Milton and Jesus have become one. The true message of Jesus has been co-opted
by the 1 percent and the whackos who carry their message. Chris Hedges, the
award-winning journalist and scholar on the death of the liberal class, has warned about the Milton
Friedman Christ and its role in American fascism for some time. In a 2004 article, he writes:
Dr. James Luther
Adams, my ethics professor at Harvard Divinity School, told us that when we
were his age, he was then close to 80, we would all be fighting the
"Christian fascists."
The warning, given
to me 25 years ago, came at the moment Pat Robertson and other radio and
televangelists began speaking about a new political religion that would direct
its efforts at taking control of all institutions, including mainstream
denominations and the government. Its stated goal was to use the United States
to create a global, Christian empire. It was hard, at the time, to take such
fantastic rhetoric seriously, especially given the buffoonish quality of those
who expounded it. But Adams warned us against the blindness caused by
intellectual snobbery. The Nazis, he said, were not going to return with
swastikas and brown shirts. Their ideological inheritors had found a mask for
fascism in the pages of the Bible.
Adams was in Nazi Germany and barely
escaped Hitler.
Closer to home, socialist and Hoosier union leader
Eugene V. Debs wrote this from his jail cell in 1919, imprisoned for speaking
out against the war:
I told my friends of the cloth that
I did not believe Christ was meek and lowly but a real living, vital agitator
who went into the temple with a lash and a krout and whipped the oppressors of
the poor, routed them out of the doors and spilled their blood and got silver on
the floor.
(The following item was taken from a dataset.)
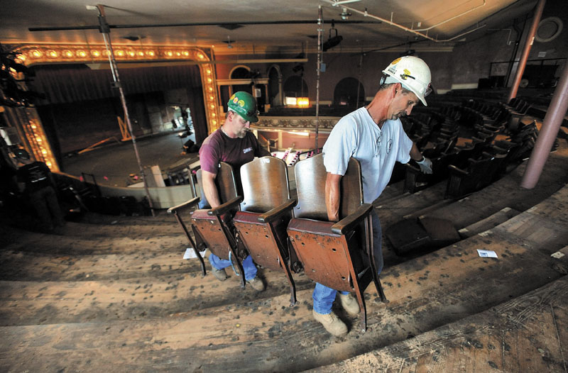 Randy Woodworth, right, and Wil Stevens, left, remove a section of seats from the balcony of the Opera House during renovations on Friday. The renovations are scheduled to be complete by end of February.

He told the robbed and misruled and exploited and driven people to
disobey their plunderers, he denounced the profiteers, and it was for this that
they nailed his quivering body to the cross and spiked it to the gates of
Jerusalem, not because he told them to love one another. That was harmless
doctrine. But when he touched their profits and denounced them before their
people he was marked for crucifixion.
Christ would not like Pence and the New
World Theocratic Corporate Order. If
Christ were alive today, he’d be in the federal prison in Terre Haute, labeled
a traitor to America. Let’s hope the
true Christians in Indiana come out and say this. Let’s hope the real Christians in Indiana
come out in full force against Pence and his early learning advisory committee and pray for the best for Indiana children.